For 2018, the Faroe Islands-based producer achieved an operational EBIT of almost DKK 1.1 billion (USD 166.5 million, EUR 147.4 million), down from around DKK 1.4 billion (USD 211.9 million, EUR 187.6 million) in 2017. The annual profit climbed from DKK 511.4 million (USD 77.4 million, EUR 68.5 million) to DKK 960.3 million (USD 145.3 million, EUR 128.7 million).

Despite harvesting higher volumes, the company’s Farming segment achieved a reduced operational EBIT of DKK 204.4 million (USD 30.9 million, EUR 27.4 million) in Q4 2018, which corresponded to NOK 21.56 (USD 3.26, EUR 2.89) per kilogram. For 2018, Farming’s operational EBIT was DKK 965.7 million (USD 146 million, EUR 129.4 million), down from DKK 1.3 billion (USD 196.6 million, EUR 174.2 million).

The Value-Added Products (VAP) segment posted an operational EBIT of DKK 3.3 million (USD 499,100, EUR 442,209), down from DKK 36.5 million (USD 5.5 million, EUR 4.9 million). At the same time, the Fishmeal, Oil, and Feed (FOF) unit delivered reduced earnings before interest, taxes, depreciation and amortization (EBITDA) of DKK 60.4 million (USD 9.1 million, EUR 8.1 million), down from DKK 93.6 million (USD 14.2 million, EUR 12.5 million).

Bakkafrost explained that as its market strategy for sales in 2018 was primarily focused on fresh whole salmon to the high-end spot market, volumes to the VAP segment were exceptionally low throughout 2018. 

Consequently, the company was temporarily vulnerable and limited in flexibility to mitigate certain disruptions, it said. These include banned access to the Russian market for its harvesting plant in Glyvrar in Q4, and disrupted deliveries to other high-end markets from the new harvest plant in Suðuroy, due to delay in the issue of certificates for these markets.

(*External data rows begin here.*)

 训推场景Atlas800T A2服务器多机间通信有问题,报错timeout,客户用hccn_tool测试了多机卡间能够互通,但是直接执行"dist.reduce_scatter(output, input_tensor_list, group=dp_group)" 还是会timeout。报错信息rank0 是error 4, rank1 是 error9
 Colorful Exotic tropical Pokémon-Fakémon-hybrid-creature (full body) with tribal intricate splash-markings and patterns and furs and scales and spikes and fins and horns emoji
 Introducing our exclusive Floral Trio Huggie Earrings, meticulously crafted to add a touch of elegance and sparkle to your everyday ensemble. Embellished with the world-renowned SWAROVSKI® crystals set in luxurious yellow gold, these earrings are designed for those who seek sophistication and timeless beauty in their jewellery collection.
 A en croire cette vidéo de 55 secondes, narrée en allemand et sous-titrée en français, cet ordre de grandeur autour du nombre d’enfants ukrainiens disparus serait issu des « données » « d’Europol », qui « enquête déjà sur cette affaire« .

It added that the market disruptions are more or less solved as volumes to VAP contracts have now increased, while the certificates to the harvest factory in Suðuroy are in place and access to the Russian market is expected shortly.

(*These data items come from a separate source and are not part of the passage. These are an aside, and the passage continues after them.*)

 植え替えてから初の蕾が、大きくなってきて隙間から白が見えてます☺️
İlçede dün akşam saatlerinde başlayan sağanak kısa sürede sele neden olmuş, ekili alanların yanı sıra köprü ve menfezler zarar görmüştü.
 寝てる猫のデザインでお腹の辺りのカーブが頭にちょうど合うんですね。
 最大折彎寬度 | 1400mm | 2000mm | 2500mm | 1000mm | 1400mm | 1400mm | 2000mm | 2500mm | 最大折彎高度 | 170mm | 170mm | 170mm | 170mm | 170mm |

Commenting on the results, Bakkafrost CEO Regin Jacobsen confirmed that difficult market conditions and limited market access for a period resulted in a weaker- than-expected result in the farming segment for the fourth quarter. There was, however, more activity in the VAP segment due to increased contracts for these products.

“2018 was an eventful year with different challenges, but all things considered we are satisfied with the operation and the results for 2018. A lot of effort has also been put on our expansion activities in 2018, and we have now started operation in our new harvesting plant in Suðuroy. In 2019, we plan to further expand our farming operation in Suðuroy,” he said.

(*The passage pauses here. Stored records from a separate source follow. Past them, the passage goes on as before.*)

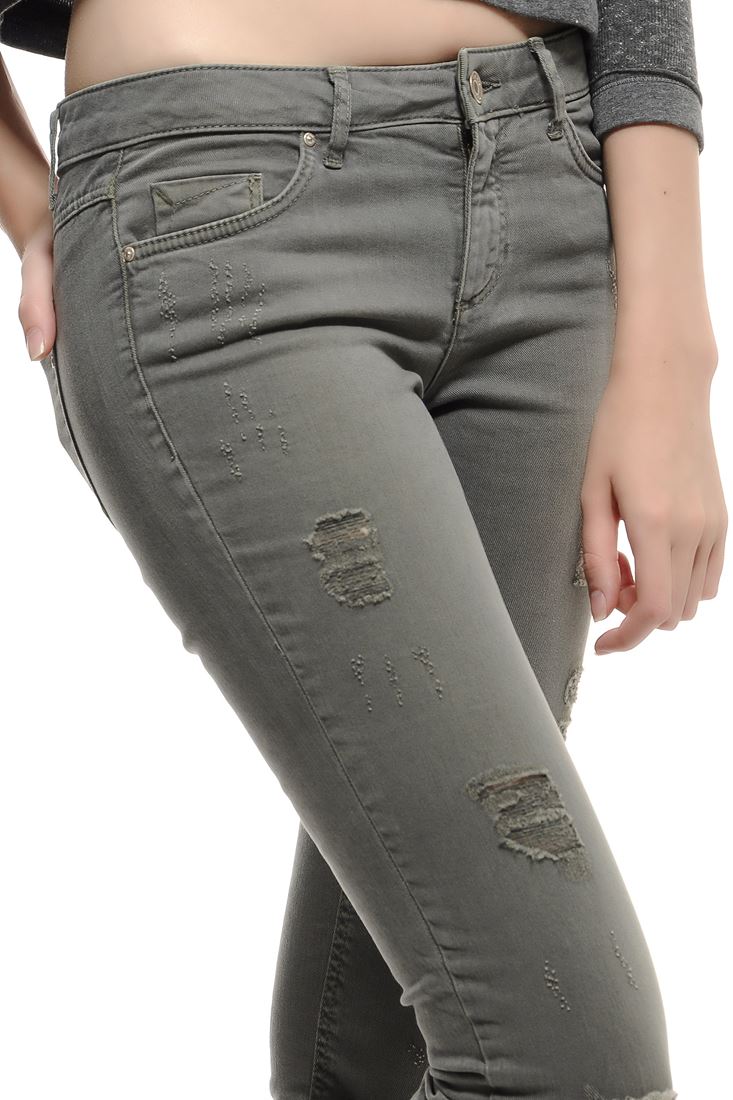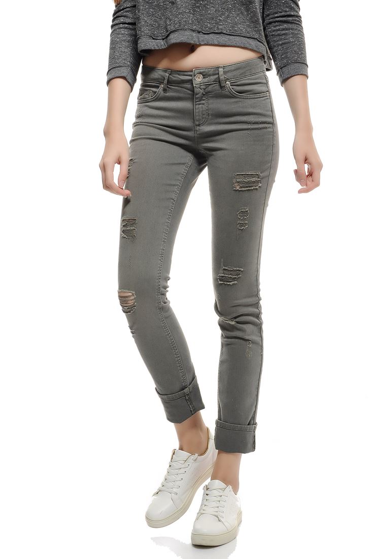 • Bayan Gri Slim Paça Yıpratılmış Pantolon
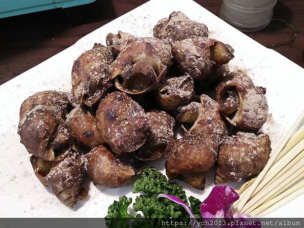 胡椒風螺看起來黑黑的,上面一層厚厚的胡椒粉,吃起來有辣度喔。
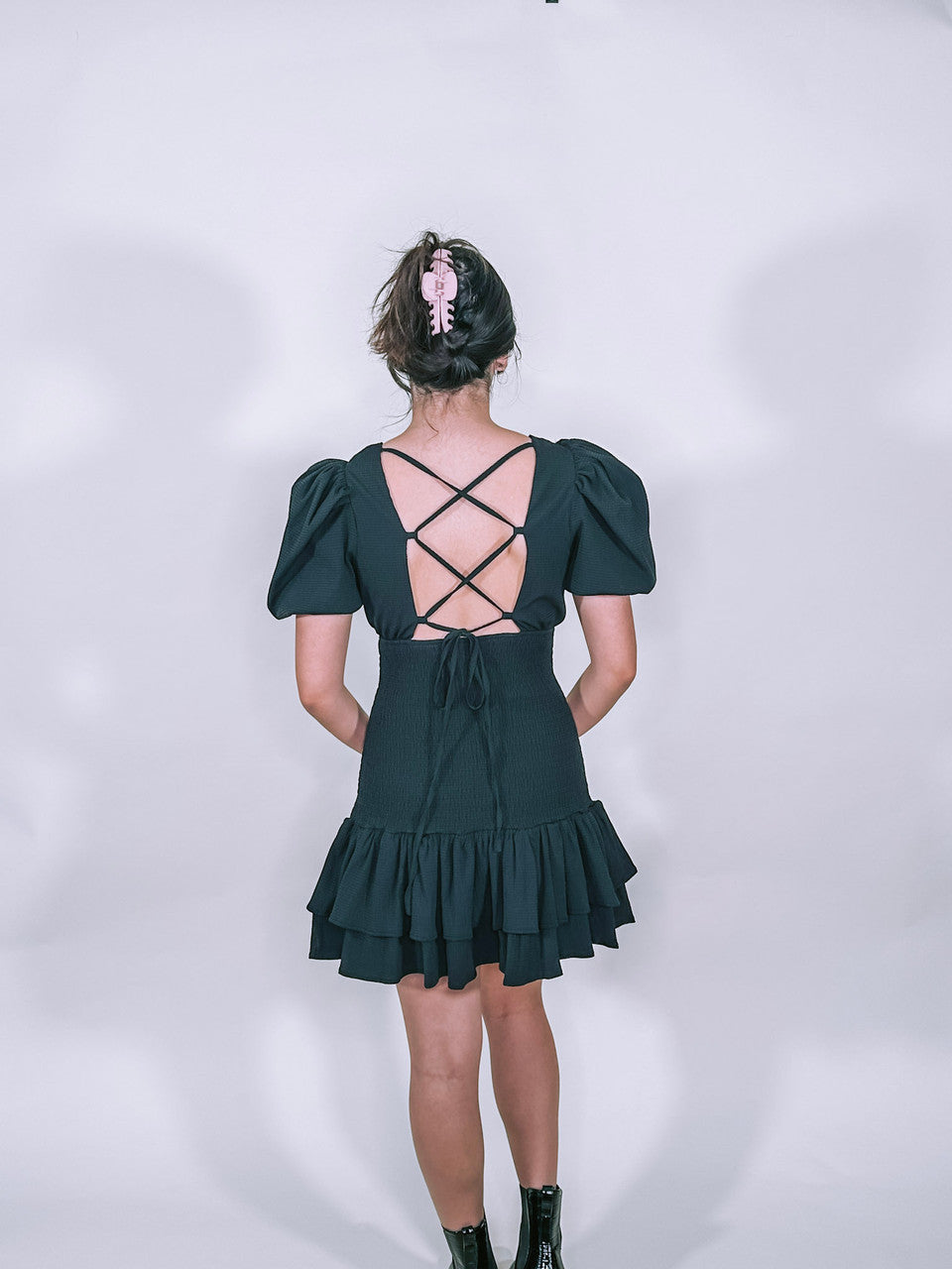 At the back, the lace-up detailing offers an adjustable fit, ensuring both comfort and style while giving a delicate yet bold touch to your look. The flirty mini length and flowy skirt create a balance of sophistication and fun.

In total, Bakkafrost harvested 12,234 metric tons (MT) of salmon (gutted weight) in the last quarter, up from 11,470 MT in Q4 2017. For the full year 2018, the company harvested 44,591 MT of fish, down from 54,615 MT in 2017 and 47,542 MT in 2016.

With 1,500 MT of harvest moved from 2018 to 2019, it expects this year’s harvest to total 54,500 MT (gutted weight).